In this example we will be using a flattened grayscale image array loaded from sklearn. The array in NxM, where N are the samples and M the flattened raw rgb/gray image.
# Load library
import matplotlib.pyplot as plt
from clustimage import Clustimage
# init
cl = Clustimage()
# Load example digit data
X = cl.import_example(data='digits')
print(X)
# Each row is an image that can be plotted after reshaping:
plt.imshow(X[0,:].reshape(8,8), cmap='binary')
# array([[ 0., 0., 5., ..., 0., 0., 0.],
# [ 0., 0., 0., ..., 10., 0., 0.],
# [ 0., 0., 0., ..., 16., 9., 0.],
# ...,
# [ 0., 0., 0., ..., 9., 0., 0.],
# [ 0., 0., 0., ..., 4., 0., 0.],
# [ 0., 0., 6., ..., 6., 0., 0.]])
#
# Preprocessing and feature extraction
results = cl.fit_transform(X)
# Lets examine the results.
print(results.keys())
# ['feat', 'xycoord', 'pathnames', 'filenames', 'labels']
#
# feat : Extracted features
# xycoord : Coordinates of samples in the embedded space.

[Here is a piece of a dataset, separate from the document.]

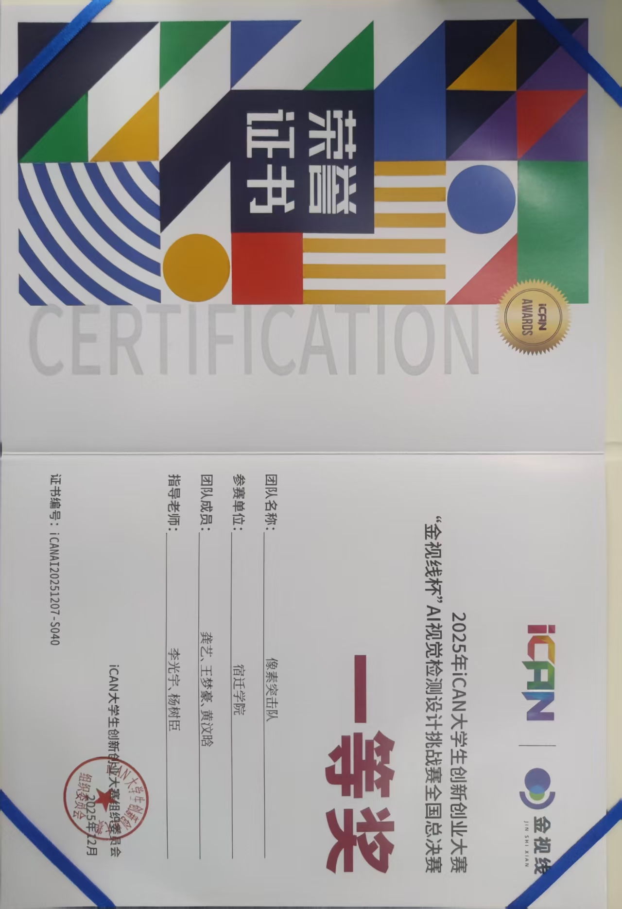 2025年iCAN大学生创新创业大赛 一等奖
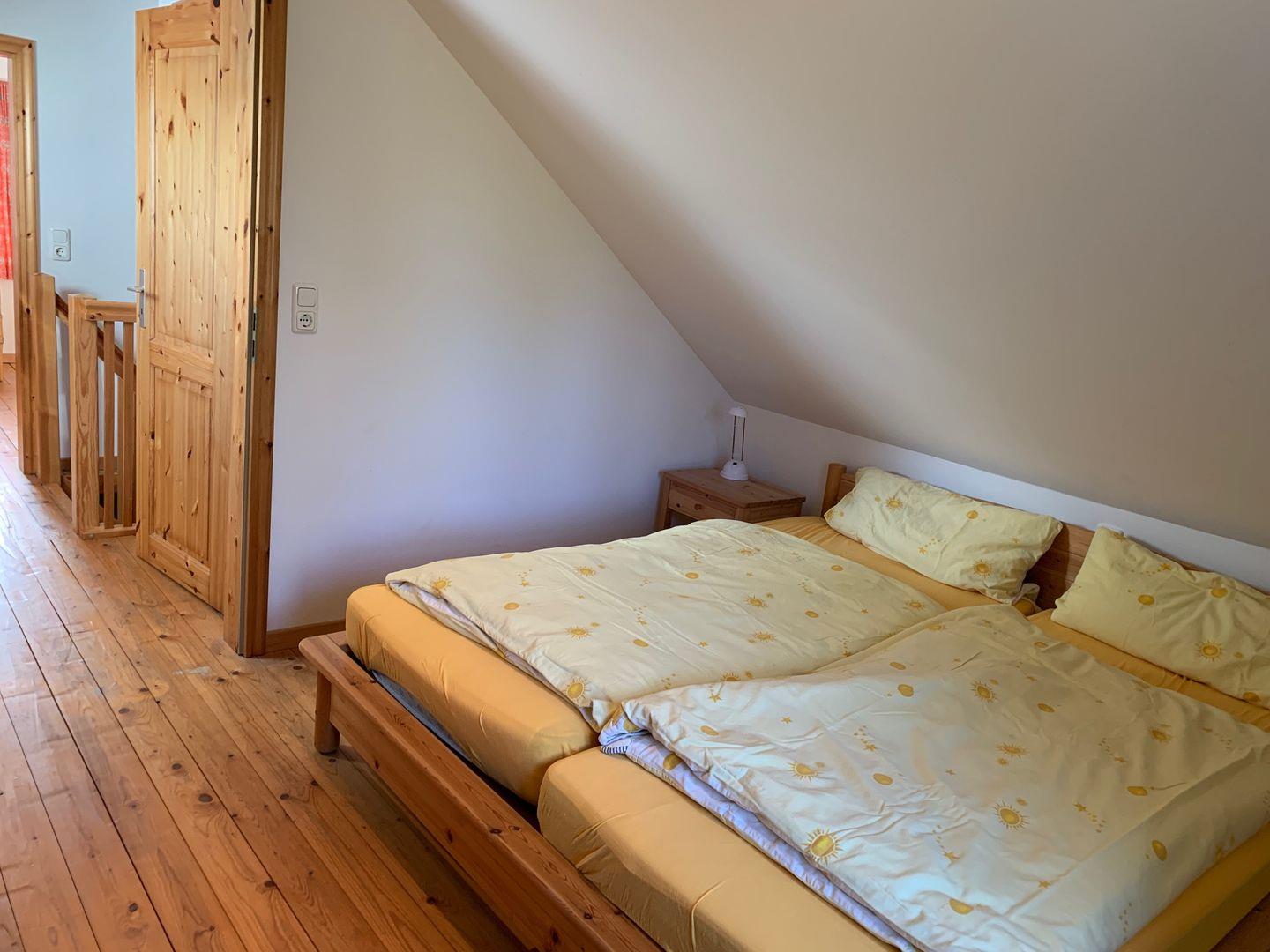 Das Haus verfügt außerdem über drei separate Schlafzimmer für erholsame Nächte. Zwei Zimmer mit jeweils zwei Einzelbetten und ein Zimmer mit einem Doppelbett.

# filenames : Name of the files
# pathnames : Absolute location of the files
# labels : Cluster labels in the same order as the input
# Get the unique images
unique_samples = cl.unique()
#
print(unique_samples.keys())
# ['labels', 'idx', 'xycoord_center', 'pathnames']
#
# Collect the unique images from the input
X[unique_samples['idx'],:]
Plot the unique images.
cl.plot_unique()
Scatter samples based on the embedded space.
# The scatterplot that is coloured on the clusterlabels. The clusterlabels should match the unique labels.
# Cluster 1 contains digit 4
# Cluster 5 contains digit 2
# etc
#
# No images in scatterplot
cl.scatter(zoom=None)
# Include images scatterplot
cl.scatter(zoom=4)
Plot the clustered images
# Plot all images per cluster
cl.plot(cmap='binary')
# Plot the images in a specific cluster
cl.plot(cmap='binary', labels=[1,5])
Dendrogram
# The dendrogram is based on the high-dimensional feature space.
cl.dendrogram()
Make various other plots
# Plot the explained variance
cl.pca.plot()
# Make scatter plot of PC1 vs PC2
cl.pca.scatter(legend=False, label=False)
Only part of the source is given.